One of the nice things about permutation questions is that they usually lend nice recursive solutions, which is my favorite thing to work with. We notice that if we have N elements and we fix the first element, then we have (N-1)! permutations that we can construct. So if K <= (N-1)! then we know that the first element in the solution is the first element in the list. So now it really comes down to finding the Kth permutation of the remaining N-1 digits. If K > (N-1)! , then we know that the first element in the list cannot be the first element in the solution, so we must now switch elements. Since digit D can have (N-1)! permutations constructed with D as the first element, we must find the smallest position i such that i*(N-1)! >= K, and then switch the first element with that ith element. Now its a matter of finding the (K- ((i-1)*(N-1)!))th permutation of the remaining N-1 digits. That expression is a little scary, so let me explain it. Notice that if we had the digits 12345, the first 4! = 24 permutations would all begin with 1. So if we wanted to find the 25th permutation, we realize that 1 cant be the first permutation since it only heads the first 24 permutations, so we switch with the next lexicographic digit, which is 2 in this case. Since we already covered 24 permutations, we really only need to find the 1st permutation with 2 at the beginning, or the first permutation of the digits 1345.
So we modified the permutation number we were looking for by subtracting (i-1)*(N-1)! or the number of permutations that we already ruled out cant be the solution permutation, from the permutation that we are looking for. Again, i is the smallest position such that i*(N-1)! >= K. I am much better at explaining things in person, I swear.

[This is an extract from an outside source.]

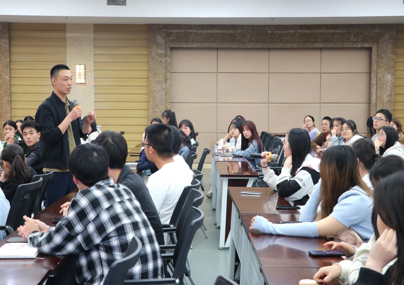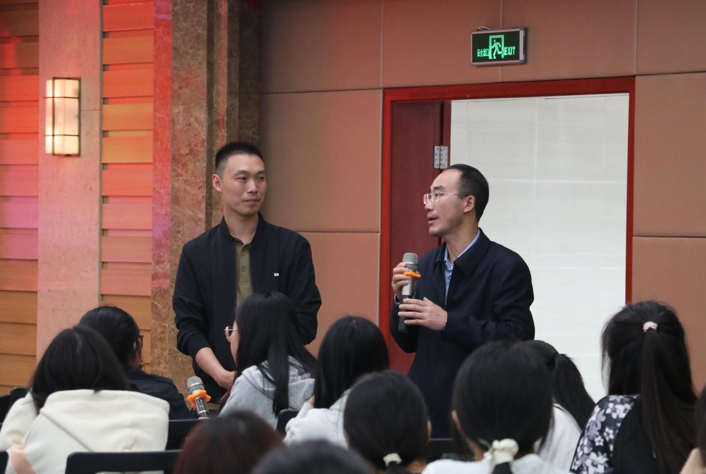 随后,冉崇军老师走下讲台,与同学们展开深入交流。同学们就“优师计划”中学涯、职涯设计,实践实习教学安排等相关问题进行了提问。冉崇军老师从多角度、全方位进行了耐心地解答,帮助同学们更好地从自身职业发展角度出发,慎重思考未来的奋斗路径。现场氛围浓烈,掌声不断。

Anyway, if we had put all of this mess together in an algorithm, we get a running time of O(nlgn) if we search for that i cleverly (binary search), which significantly kicks the ass of the brute force O(n!) algorithm. Regardless of this convoluted explanation, its a pretty simple algorithm but it makes you feel nice and special after you are done. I think its a pretty gentle problem to get people to think beyond the obvious, which is something that I strive for with the problems that I write. I have previously done that by beating them over the head with 2 dimensional DP problems, but then that gives people with no algorithms experience no chance at them. This type of problem gives anyone with a knowledge of permutations and basic recursion a decent shot. Since no one reads this blog anyway, I think I should be safe in giving it as a problem in one of this year’s competitions.